При упоминании этого имени Анций подпрыгнул, он живо представил себе иерусалимский театр, самоуверенного юношу и даже точно припомнил слова, произнесенные им с пренебрежительной и какой-то скрытой угрозой: «Ты, римлянин, все равно не поймешь меня и моих устремлений, но я надеюсь, что когда-нибудь ты еще услышишь обо мне и моих соратниках». Юный пророк разумеется имел в виду что-то другое, а не подобную историю, повествующую скорей о бесславном конце разбойничьего сообщества, разбойничьего вне всяких сомнений и успевшего обобрать кого-то до нитки. Кого-то? Или… А если это были сокровища из гробницы царя Давида? По времени все сходится… И искушение Цаддока высказаться загадочно приобретает внятный мотив: он по-видимому тогда, в театре, не смог отказать себе в своеобразном удовольствии, удовольствии от превосходства, какое обычно имеет осведомленный человек, общаясь с менее осведомленным. Понятным становится и дерзкий намек на «царскую щедрость», развеселивший юнцов своим двойным значением и встревоживший Бурсена.
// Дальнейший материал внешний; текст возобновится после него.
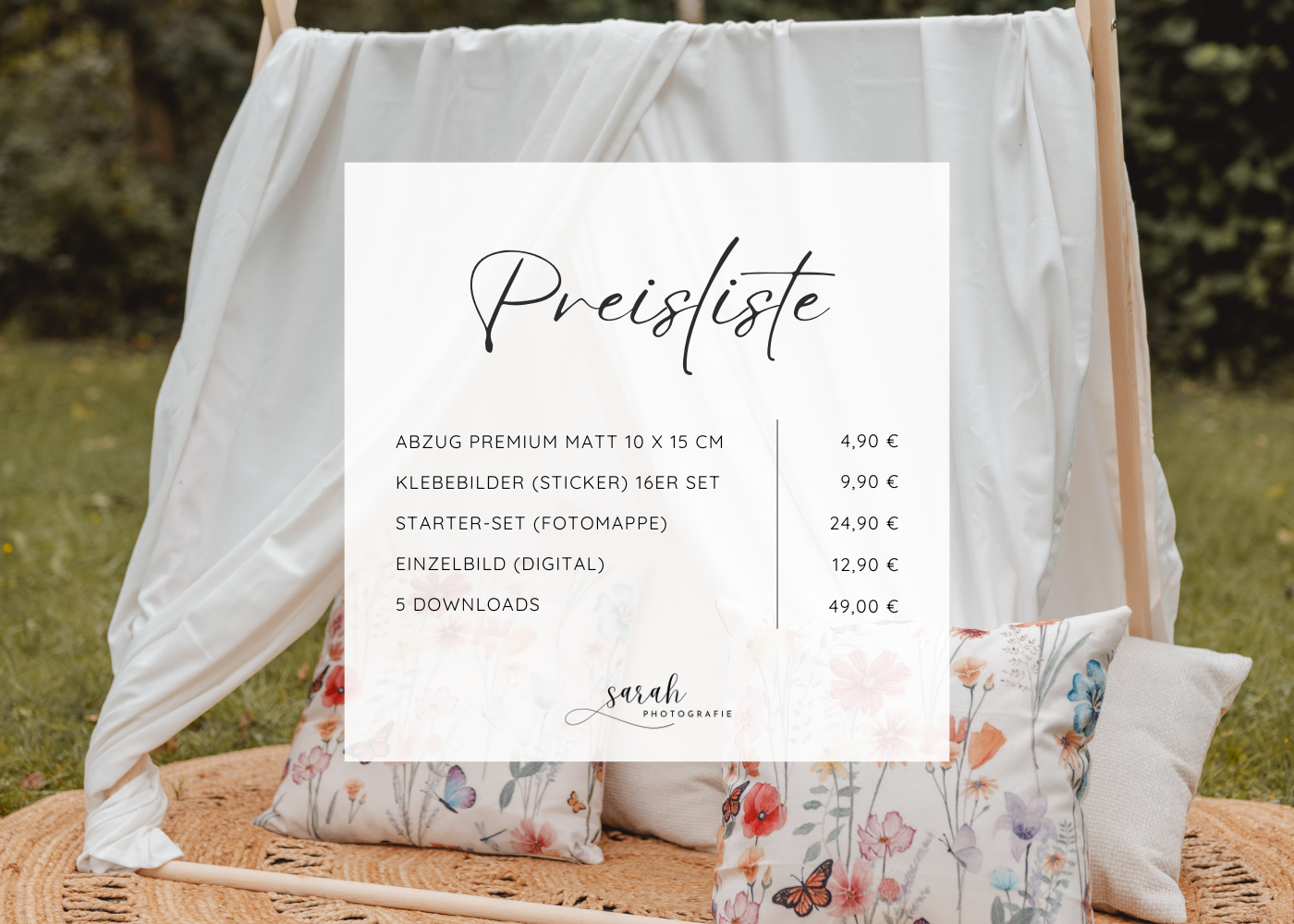 Hier findest du einen Auszug meiner Preise 2025 – die Übersicht ist vorbehaltlich und kann sich jederzeit ändern. Sie soll dir jedoch einen guten Ersteindruck meiner Leistungen und Preise geben.

— Я думаю, дорогой Анций, не из гробницы ли царя Давида эти сокровища? — понизил голос Леонидис и вытянул руку, разжимая смуглый кулак. На его ладони, искрясь и переливаясь, лежал перстень, — Мне пришлось раскошелиться, Бурсен затребовал двести тысяч и ни за что не хотел уступать, из него мог бы выйти преуспевающий ростовщик.
— Не беспокойся, ты получишь за перстень вдвойне, а если подтвердится, что он из гробницы, то можешь еще рассчитывать и на благодарность Ирода, поверь, скупится он не станет.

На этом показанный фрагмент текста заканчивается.